## Exercise brief
Output exactly, and only, the lines below from the one with "Donors at our" down to the one with "Somme American Cemetery and Memorial". Include both end lines and no pictures.

*** Provided data ***

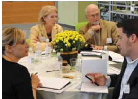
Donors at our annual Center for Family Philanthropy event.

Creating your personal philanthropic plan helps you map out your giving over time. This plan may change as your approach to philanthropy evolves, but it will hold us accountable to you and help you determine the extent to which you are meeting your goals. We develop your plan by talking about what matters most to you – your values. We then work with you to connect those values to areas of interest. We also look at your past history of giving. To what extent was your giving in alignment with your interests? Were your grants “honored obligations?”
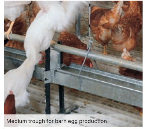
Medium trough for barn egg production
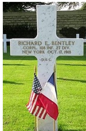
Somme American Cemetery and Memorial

*** End of Provided data ***
*** Provided data ***

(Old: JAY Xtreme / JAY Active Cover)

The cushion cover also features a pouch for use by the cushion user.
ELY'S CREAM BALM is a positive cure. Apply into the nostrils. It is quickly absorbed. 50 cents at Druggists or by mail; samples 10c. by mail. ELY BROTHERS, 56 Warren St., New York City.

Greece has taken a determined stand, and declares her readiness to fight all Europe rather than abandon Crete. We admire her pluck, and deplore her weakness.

*** End of Provided data ***
*** Provided data ***

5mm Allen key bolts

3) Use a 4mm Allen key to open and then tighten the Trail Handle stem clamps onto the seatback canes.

*** End of Provided data ***

## Response below
Donors at our annual Center for Family Philanthropy event.

Creating your personal philanthropic plan helps you map out your giving over time. This plan may change as your approach to philanthropy evolves, but it will hold us accountable to you and help you determine the extent to which you are meeting your goals. We develop your plan by talking about what matters most to you – your values. We then work with you to connect those values to areas of interest. We also look at your past history of giving. To what extent was your giving in alignment with your interests? Were your grants “honored obligations?”
Medium trough for barn egg production
Somme American Cemetery and Memorial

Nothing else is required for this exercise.